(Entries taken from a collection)
━━━

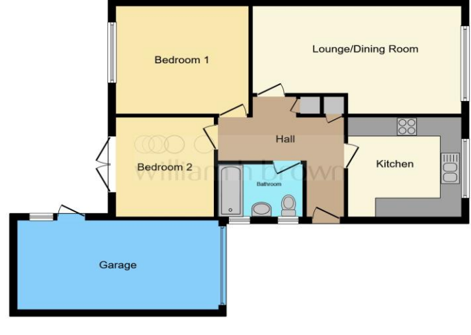
This floor plan is for illustrative purposes only. It is not drawn to scale. Any measurements, floor areas (including any total floor area), openings and orientation are approximate. No details are guaranteed, they cannot be relied upon for any purpose and they do not form part of any agreement. No liability is taken for any error, omission or misstatement. A party
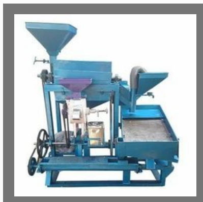
Pulse Mill Plant
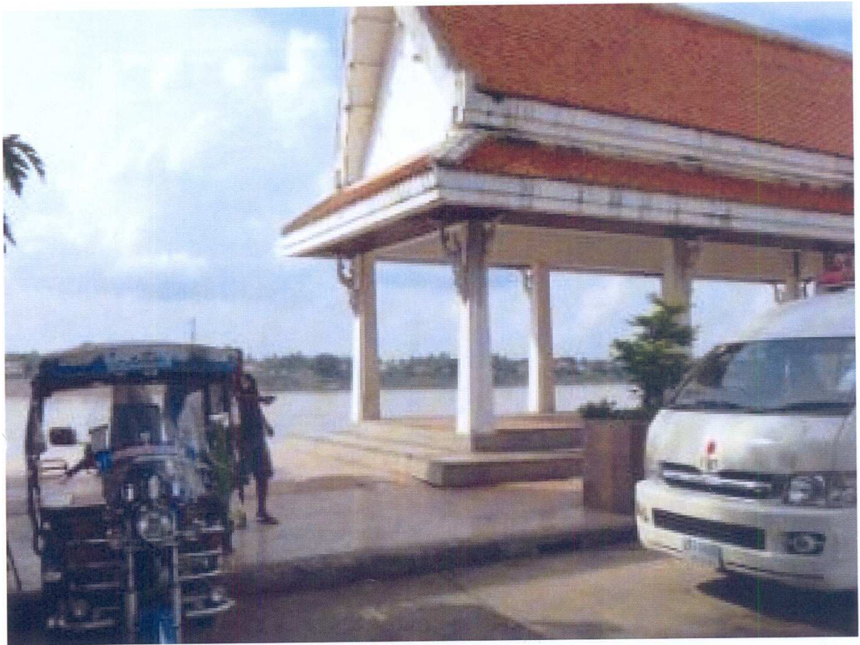
Photograph depicting the temple on the banks of the Mekong River

This is the last known sighting of the deceased.
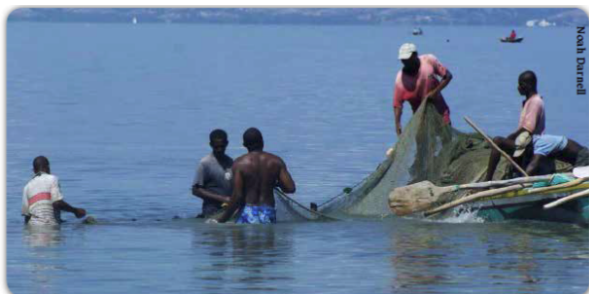
Ile à Vache fisherman. Will the Haitian government's tourism project drive many farmers and fishers from the island into Haiti's shantytowns?
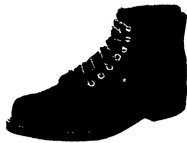
6 inch style 344

Made of rugged American horsehide leather. Horsehide is more resistant to barnyard acids, silage acids, milk, fertilizer, concrete, oil and grease.
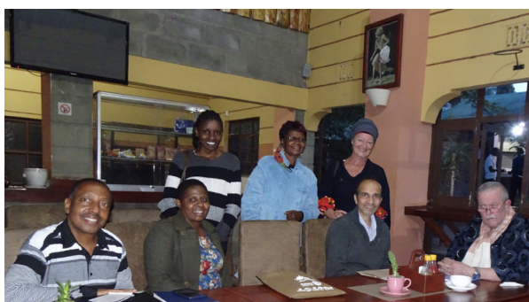
Connects Autism Tanzania's Educational Presentation to Rotarians
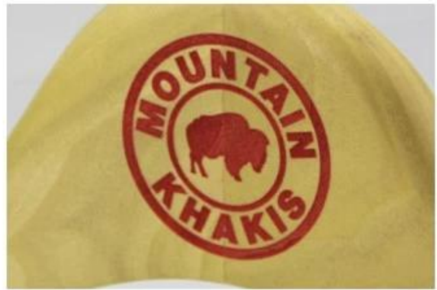
Laser logo in other color
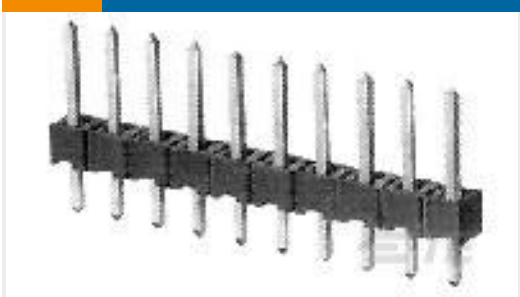
TE Part #3-826646-2 32P AMPMODU II STIFT LEI
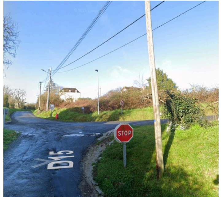
Step 3: At the intersection, turn right onto Rue Renoir, then continue straight.
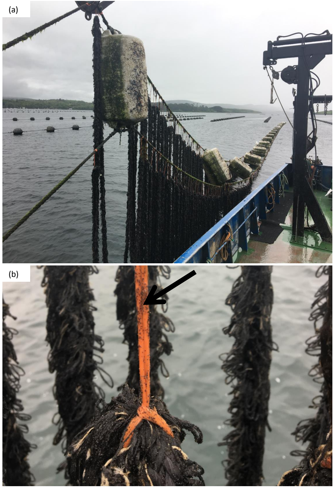
Figure 3: (a) ISPP test line raised for inspection. (b) Dense Mytilus spp. seed settlement above the rope (arrow).
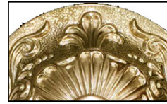
Brass w/Black Inlay
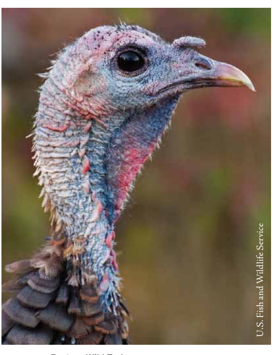
Eastern Wild Turkey

After the close of the Fall 2019 Turkey Season, physical turkey check stations will no longer be used. Beginning with the Spring 2020 Turkey Season, all hunters will be required to report a harvested turkey on the day killed using the Automated Harvest Report System.
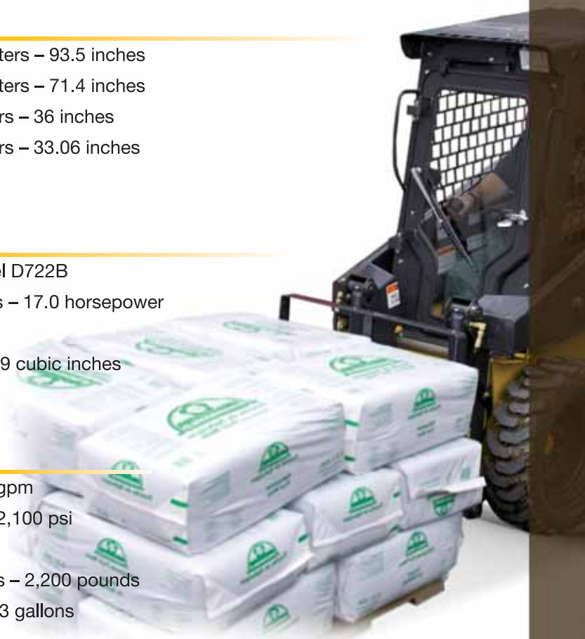
Lift Capacity, lbs
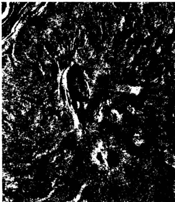
Fig. 1. a) Venera 15/16 mosaic of Colette Patera and environment. Width of image is 520 km. b) Structural sketch map. Solid lines—ridges/scarps; dotted lines—grooves; dashed and dotted lines—unclassified lineaments.
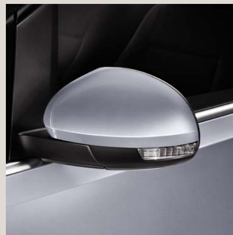
Moonstone Silver 2 S SE SEL XC
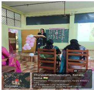
Thiruvananthapuram, Kerala, India Thiruvallam, Thiruvananthapuram, Kerala 695027, India LAT 8.462978° Long 76.957024° Friday, 09/03/2023 02:28 PM GMT +05:30
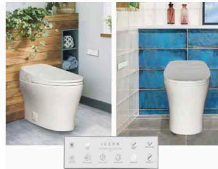
ICERA Muse iWash Integrated Bidet Toilet and remote Muse iWash Integrated Bidet Toilet from ICERA

The Muse iWash Integrated Bidet Toilet offers exceptional cleaning and flushing power while conserving floor space with an efficient two-in-one design. The unit is sleekly
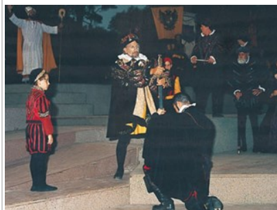
State Play Cross and Sword

━━━

Keep the pictures out and repeat exactly the lines from the beginning of the data through the line that contains "Fig. 1. a) Venera", both ends included.

This floor plan is for illustrative purposes only. It is not drawn to scale. Any measurements, floor areas (including any total floor area), openings and orientation are approximate. No details are guaranteed, they cannot be relied upon for any purpose and they do not form part of any agreement. No liability is taken for any error, omission or misstatement. A party
Pulse Mill Plant
Photograph depicting the temple on the banks of the Mekong River

This is the last known sighting of the deceased.
Ile à Vache fisherman. Will the Haitian government's tourism project drive many farmers and fishers from the island into Haiti's shantytowns?
6 inch style 344

Made of rugged American horsehide leather. Horsehide is more resistant to barnyard acids, silage acids, milk, fertilizer, concrete, oil and grease.
Connects Autism Tanzania's Educational Presentation to Rotarians
Laser logo in other color
TE Part #3-826646-2 32P AMPMODU II STIFT LEI
Step 3: At the intersection, turn right onto Rue Renoir, then continue straight.
Figure 3: (a) ISPP test line raised for inspection. (b) Dense Mytilus spp. seed settlement above the rope (arrow).
Brass w/Black Inlay
Eastern Wild Turkey

After the close of the Fall 2019 Turkey Season, physical turkey check stations will no longer be used. Beginning with the Spring 2020 Turkey Season, all hunters will be required to report a harvested turkey on the day killed using the Automated Harvest Report System.
Lift Capacity, lbs
Fig. 1. a) Venera 15/16 mosaic of Colette Patera and environment. Width of image is 520 km. b) Structural sketch map. Solid lines—ridges/scarps; dotted lines—grooves; dashed and dotted lines—unclassified lineaments.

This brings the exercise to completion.